Starting with the first papers that was published in 1993, "Peptides Secondary Structure Prediction with Neural Networks: A Criterion for Building Appropriate Learning Sets" and "Protein Folding Analysis by an Artifical Neural Network Approach," a typical black box method was used. What was different was the method in which they chose their training sets. In the case of neural networks, they tend to recognize the alpha-helix pattern to a higher degree of accuracy than any other secondary substructure. They believe this is caused by the homologies of the protein. So to counteract the type of overtraining on alpha-helixes that can occur, they opt to employ a "weak homologies" method. That is, they will build up their training sets with increasing percentages of alpha-helixes. In their study they used a total of seven different training sets. The first set had <10% alpha helixes, and each subsequent training set increased in the percentage of alpha helixes with the final training at >56% alpha-helixes. They were hoping to build up a better, more generalized bond between the secondary structural patterns and the protein's amino acid chain.

Their results showed much promise. Their algorithm performed much better than most of the competition in protein categories that did not include high percentages of alpha-helixes. However, one algorithm performed consistently better on protein sets with high alpha-helix percentages, the Kneller method. The Kneller method also includes tertiary structural class information along with the amino acid chains. The paper supposes that the this method will perform much better on only certain types of proteins (either mostly all alpha-helixes or all beta-sheets). The tertiary class information does not carry any information related to the mixture and interaction of the different secondary structures. However, their method is not so specialized and they claim it has no such restrictions and that it carries information on all three secondary structure types. Also, their training sets were only limited to about 1300 amino acids, which is only about 10-15 proteins each. If their training sets had been larger, >100 proteins each, then they believe they would have gotten results around the 70% accuracy range.

The next paper, "Artificial Neural Networks and Hidden Markov Models for Predicting the Protein Structures: The Secondary Structure Prediction in Caspases," attempts to test and compare the current state of the art on protein prediction. Right now the current leading applications employ such different methods that they are at least slightly specialized towards certain types of proteins. So the goal of the paper was to find a good method for comparing the different applications; the workings of each application are discussed and tested. Note: At the core of all of the current methods is a back propogating neural network. To test the different methods a number of proteins were used from the Caspases family of proteins. I believe they were chosen because the Caspases is a rather large family, so you can have proteins from the same family that are very similar, and proteins that are very different (but since they're in the same family there will be some kind of relationship between them all).

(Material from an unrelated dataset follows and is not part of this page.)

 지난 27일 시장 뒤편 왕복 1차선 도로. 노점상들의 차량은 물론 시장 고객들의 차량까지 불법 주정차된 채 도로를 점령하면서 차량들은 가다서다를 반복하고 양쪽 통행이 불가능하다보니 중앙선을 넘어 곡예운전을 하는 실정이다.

The first method tested was PHDsec. PHDsec is famous for being the firsth method to systematically use multiple sequence alignments for training the neural network. What this means is that the neural networks would take advantage of biological evolutionary data. And using this data it was able to achieve up to 10% gains of accuracy compared to other methods being used at the time. Some residues can be replaced by others without changing structure. However, not every amino acid can be replaced by any other. In just one evolutionary step (the replacement of an amino acid), the protein can become unstable and collapse. So what multiple sequence alignments mean is that the program, in this case PHDsec, will do a look up on different proteins that are evolutionary similar (i.e. they have similar amino acid sequences with few replacements), and will then compile the results and feed it into the neural network. Figure 4 shows this in more detail.

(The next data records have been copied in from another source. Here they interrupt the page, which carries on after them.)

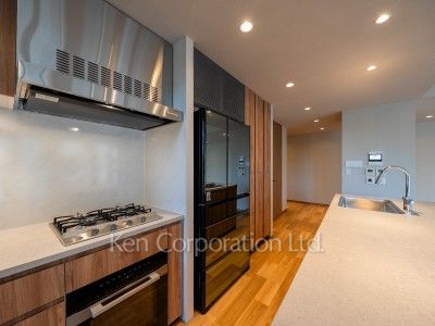 | 部屋設備 | 全室エアコン、 給湯、 洗濯乾燥機、 浴室乾燥機、 追焚、 洗浄機能付便座、 バストイレ別、 洗面所独立、 トランクルーム、 ガスコンロ、 コンロ4口、 オーブン、 ディスポーザー、 食洗機、 浄水器、 冷蔵庫、 駐輪場:ラックスライド式 各住戸2台まで。初回登録料1,100円(税込) |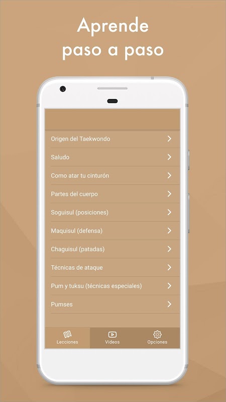 Pelajari taekwondo langkah demi langkah dengan lebih daripada 500 tutorial video dalam bahasa Sepanyol dengan cara yang menyeronokkan dan berkesan!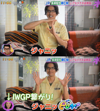 で、夜は、桐谷健太出演の「おしゃれイズム」にVTRゲスト出演の智也。コレ、いつの収録なんだろう?トキカケでは、白いシャツって、あまりないように思うから、他の番組かなぁ?って思ったり。ヒゲ、スゴくて、髪も固めてるから、少し前かな?もう少し、目新しいネタが欲しかったけど、智也がお家に遊びに行ってるっていうのは、初めて聴いたかな?妻子持ちだからね~、彼は。ギター弾いて、歌える環境だから、大丈夫なのか。智也らしいなぁって思ったのが「あながち、悪くなくて」っていう言い方。ビックリするような言葉遣いをすることも多いけど、ほぉ~って思う言葉のチョイスも智也らしくてね。なので、ラジオで語る言葉も、ますます楽しくて。カエル好きって、ドコかで言ってたっけ?メントレに篠原涼子が来た時、カエルの置物がたくさん映ってる写真が出たけど、智也は何も反応しなかったよね?最近お気に入りなのかしら??私も小さい頃、カエル採ってきて、飼ってたり、デッカいカエルを捕まえて、はしゃいでたなぁ~。基本、虫は平気で、ゴキブリでも、平気でバシバシ叩き、その後、つまんで捨てれますしね。でも、やっぱり昆虫の話題より、音楽の話、智也の生活の話が聴きたいなぁ…。

Figure 4:Fig. 5. Feeding evolutionary information into a neural network system. (1) A sequence family is aligned (shown are the sequence of unknown structure and three aligned relatives). (2) For each sequence position of profile is compiled that gives the percentage of S, or P in the alignment (shown in centre for window of five adjacent residues). (3) Instead of using binary input units (0 or 1), now the profile is fed into the first neural network. (4) Finally, the output is again fed into a second level network.

--Burkhard Rost [2]

The addition of evolutionary information was a scientific breakthrough, and this method is still one of, if not the most, important step in getting past the 70% accuracy barrier. "The major limitation of PHDsec is that multiple sequence alignment is time consuming and it is difficult to move the PHD server to another site. The alignments usually correlate to sequence diversity. The diversity of the training set influences the prediction accuracy. This method uses only one line of evidence from the alignments to train the networks" --Anekonda [5].

The second method used was PSIPRED. "This was the first method to take advantage of position-specific scoring matrices generated by the powerful PSI-BLAST search algorithm for predicitng protein secondary structures" --Anekonda [5]. This algorithm is the key to PSIPRED's accuracy. Using the PSI-BLAST search the accuracy rose from 70 to above 76%. The PSI-BLAST search is a very good database searching algorithm that is able to find proteins with greater local alignment reliability than traditional searches. Like PHDsec, this method can also handle long distance interactoins. The paper attributes this method's greater accuracy to homologous tertiary structures rather than actually having better used all of its available data.

The next method examined was the SAM-T02 method. SAM-T02 makes use of both neural networks and multi-track hidden Markov models (HMM). While the HMM can't handle finding long distance correlations, the neural network can, and so SAM-T02 makes use of this hybrid architecture. When disadvantage is that the architecture is so complex that meaningful biological rules cannot be extracted from the network.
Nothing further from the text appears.